Charitable remainder trusts are irrevocable trusts that let you donate assets to charity and draw annual income for life or for a specific time period.
We closely examine charitable remainder trusts to ensure they:
- Correctly report trust income and distributions to beneficiaries
- File all required tax documents
- Follow all applicable tax laws and rules
In a charitable remainder trust:
- A donor transfers property, cash or other assets into an irrevocable trust
- The trust's basis in the transferred assets is carryover basis, which is the same basis that it would be in the hands of the donor, for assets transferred to the trust during the lifetime of the donor
- The trust pays income to at least 1 living beneficiary
- The payments continue for a specific term of up to 20 years or the life of 1 or more beneficiaries
- At the end of the payment term, the remainder of the trust passes to 1 or more qualified U.S. charitable organizations
- The remainder donated to charity must be at least 10% of the initial net fair market value of all property placed in the trust
Charitable remainder trusts are irrevocable. Assets that go in can't be taken back.

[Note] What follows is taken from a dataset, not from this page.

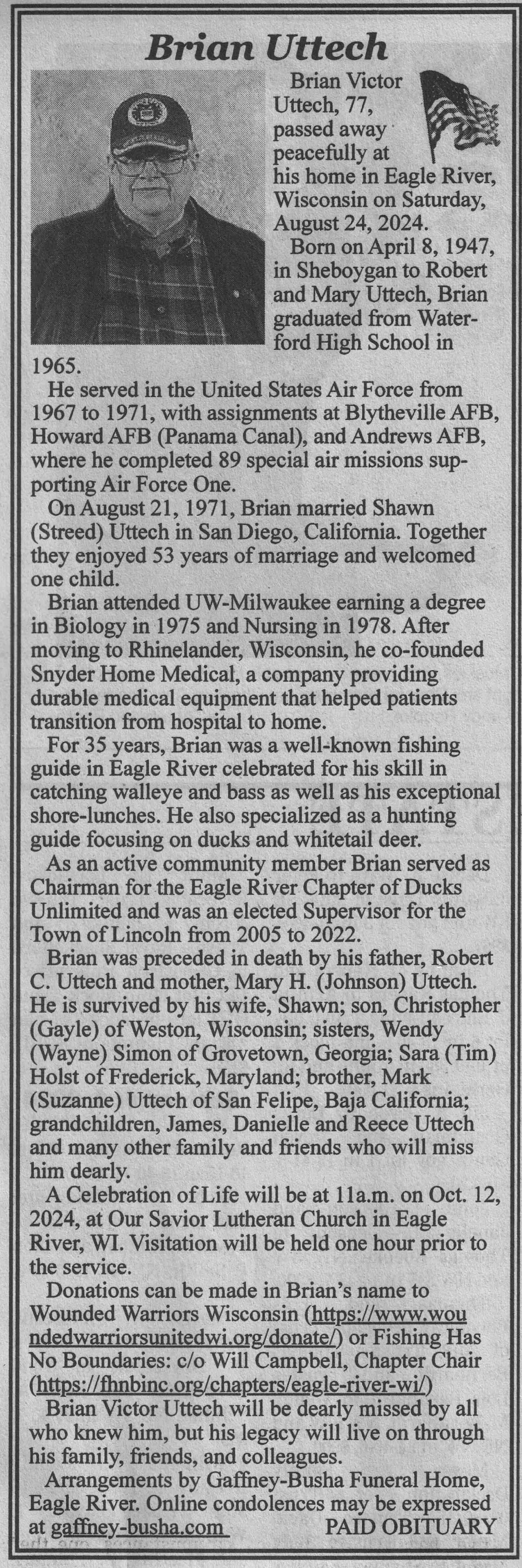 | Uttech | Brian | 08 Apr 1947 | 24 Aug 2024 | VCNR | 11 Sep 2024 | 4A |

Charitable remainder trusts can offer many benefits, including:
- Help you plan major donations to charities you support
- Provide a predictable income for life or over a specific time period
- Allow you to defer income taxes on the sale of assets transferred to the trust
- May allow you a partial charitable deduction based on the value of the charitable interest in the trust
There are 2 types of charitable remainder trusts based on how they pay beneficiaries. Both types of trusts can be made while the donor is alive (inter vivos) or upon death (testamentary).

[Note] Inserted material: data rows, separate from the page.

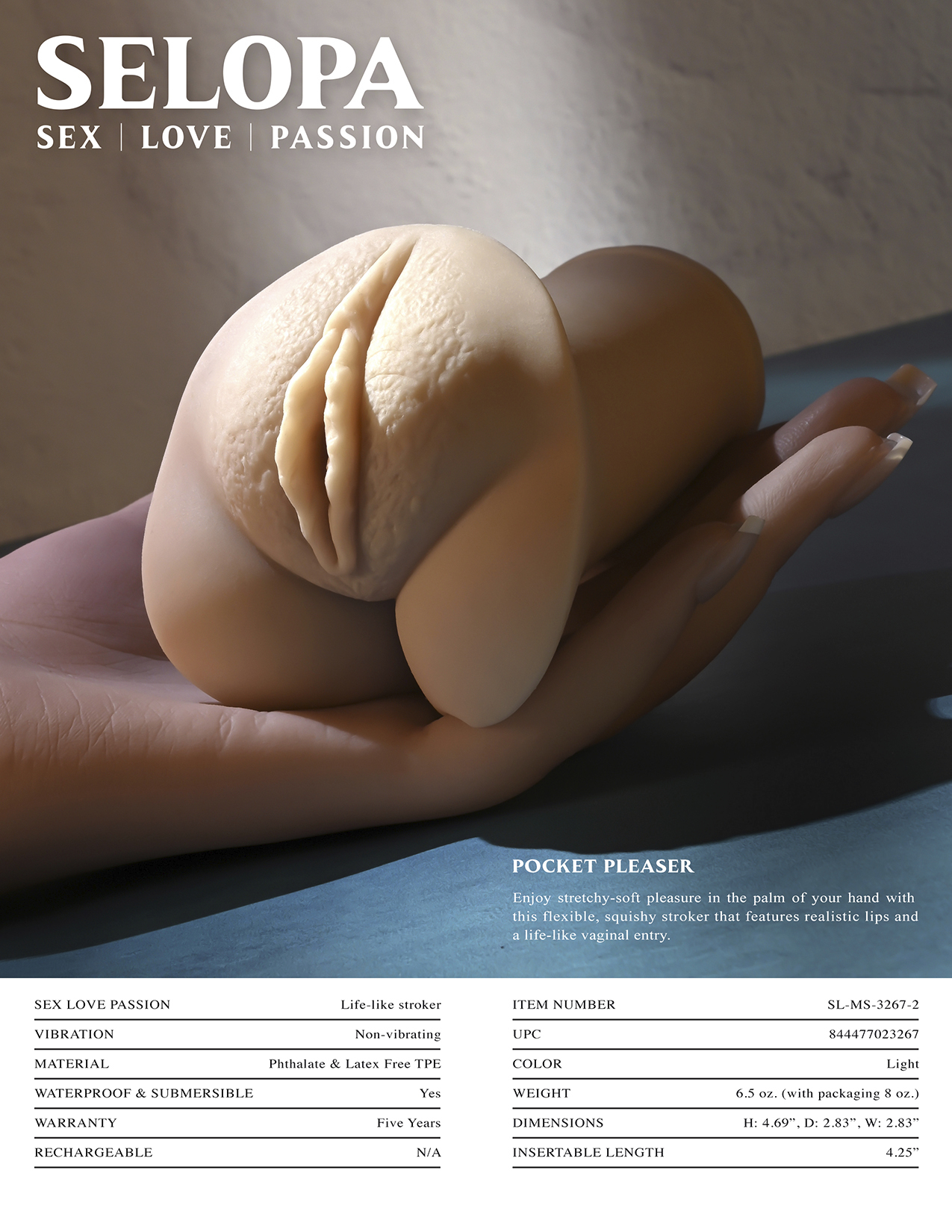 Selopa Pocket Pleaser Light Stroker from Evolved Novelties. Enjoy stretchy soft pleasure in the palm of your hand with this flexible, squishy stroker that features realistic lips and a life like vaginal entry. Specifications: Height 4.69 inches, Depth 2.83 inches, Width 2.83 inches. Made from phthalate free and latex free Thermoplastic Elastomers TPE. Penis ring Included. Waterproof. Care instructions: clean products with toy cleaner before and after use. Pat dry before storing. Store this product in a clean dry place. Perfectably in a dry, clean box. No touching other toys. Please note that oil based lubricants can corrode toy materials. Categories: Male Masturbators, Sex Toys for Men, Vibrating Cock Rings, Pussy Strokers, Solo Masturbators, Vibrators, Love Rings. 2024.
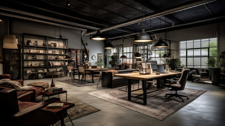 Industrial coworking office interior. 3D rendering,Generative AI.
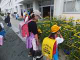 同じ日の1年生の様子です。多くの1年生が登校後にアサガオに水やりをしていました。
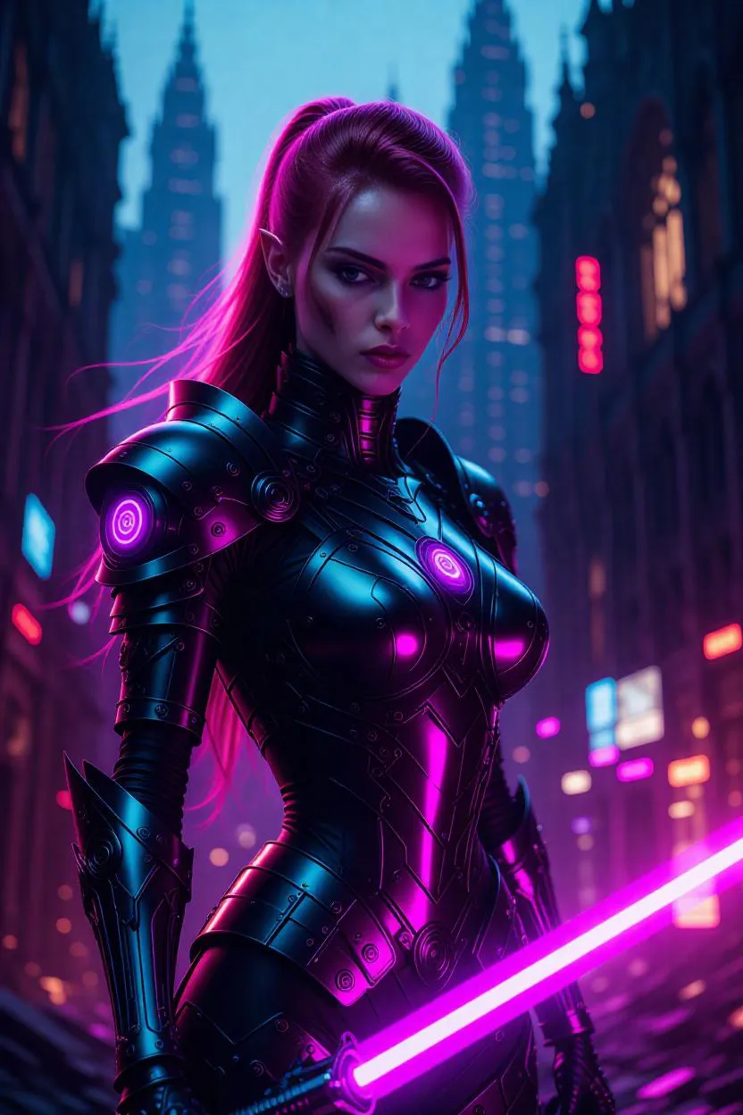 A biomechanical female elf warrior with intricate, glowing circuitry woven into her metallic armor, stands defiantly atop a ruined gothic cathedral overlooking a neon-drenched cyberpunk city. Her expression is fierce and determined, her eyes glowing with an otherworldly light. The air crackles with energy as she raises her plasma sword, ready to strike. Stark's signature circuitry pulses through her armored plates, casting radioactive halos across the scene. Animated strands of metallic hair flow like molten copper wires, shifting from fiery auburn roots to metallic rose-gold tips. Evoking the styles of Ash Thorp, Ian McQue, and Simon Stalenhag, this photorealistic, wide-angle portrait is a masterpiece of digital art.

Charitable Remainder Annuity Trusts
A charitable remainder annuity trust (CRAT) pays a specific dollar amount each year. The amount is at least 5% and no more than 50% of the value of the corpus (property in the trust) when the trust is established.Use tab to go to the next focusable element
Charitable Remainder Unitrust
A charitable remainder unitrust (CRUT) pays a percentage of the value of the trust each year to noncharitable beneficiaries. The payments generally must equal at least 5% and no more than 50% of the fair market value of the assets, valued annually.

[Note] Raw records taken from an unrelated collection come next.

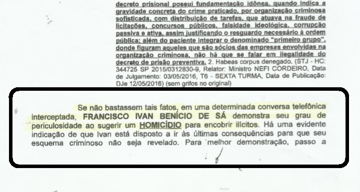 De acordo com o Juiz, se não bastassem os atos de corrupção, em uma determinada conversa telefônica interceptada, com autorização judicial, o presidente da câmara, Ivan Construções (PT), demonstra seu grau de periculosidade ao sugerir um homicídio. Ainda na peça, o magistrado afirma que há uma evidente indicação que Ivan está disposto a ir às últimas consequências para que seu esquema criminoso não seja revelado.
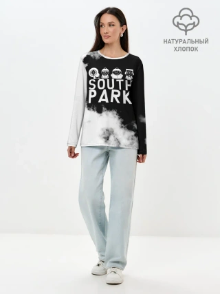 Лонгслив женский. Хлопок / Все пацаны на черном фоне Южный Парк
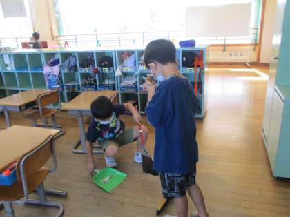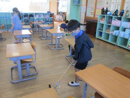 図画工作科の学習の後、教室の床に残っていた紙の切れ端を、きれいに掃除している素敵な1年生の姿がありました。
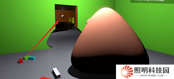 5、接下來去玩具室里面玩耍,通過將足球扔到房間外面,來讓答辯出去撿球。
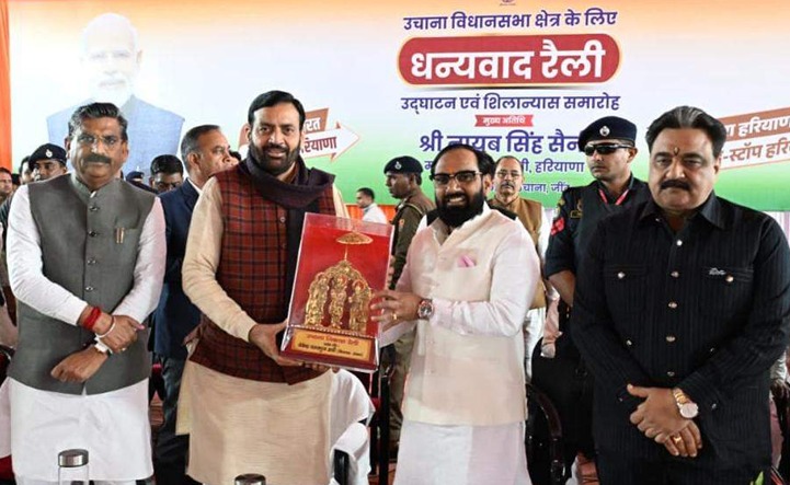 Chandigarh, February 2026 – Haryana Chief Minister Sh. Nayab Singh Saini inaugurated and laid the foundation stones of five development projects worth ₹103.31 crore during the Uchana Dhanyavad Rally held in Uchana, Jind district today. These included three inauguration projects worth ₹28.54 crore and two foundation stone projects worth ₹74.77 crore.
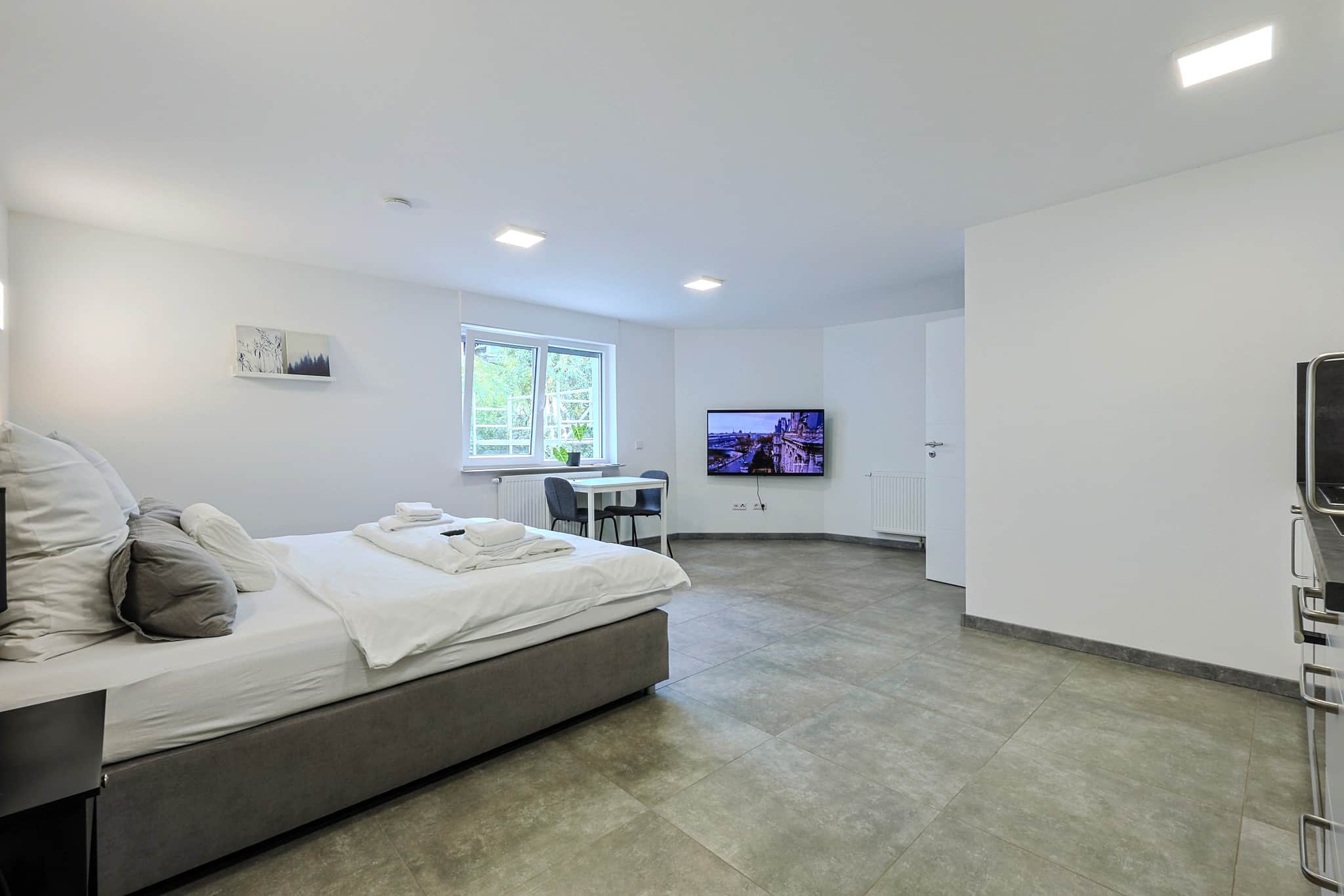 This newly renovated studio offers modern comforts and a cozy atmosphere. The sleeping area with a bed guarantees restful nights. The modern kitchen is fully equipped and features a stove, dishwasher, refrigerator, and a dining area that invites you to relax. The studio is quietly located, yet only a few minutes from the center – ideal for a relaxing stay.

Payments from a charitable remainder trust are taxable to the non-charitable beneficiaries and must be reported to them on Schedule K-1 (Form 1041), Beneficiary's Share of Income, Deductions and Credits.
The payments to a non-charitable beneficiary are taxed as distributions of the trust's income and gains in the following order:
- Ordinary income: Payments are considered ordinary income first to the extent the trust had ordinary income for the year and undistributed ordinary income from prior years. If the trust has enough ordinary income to cover all payments, the entire payments are taxed as ordinary income. Beneficiaries must report payments as ordinary income as reported to them on Schedule K-1.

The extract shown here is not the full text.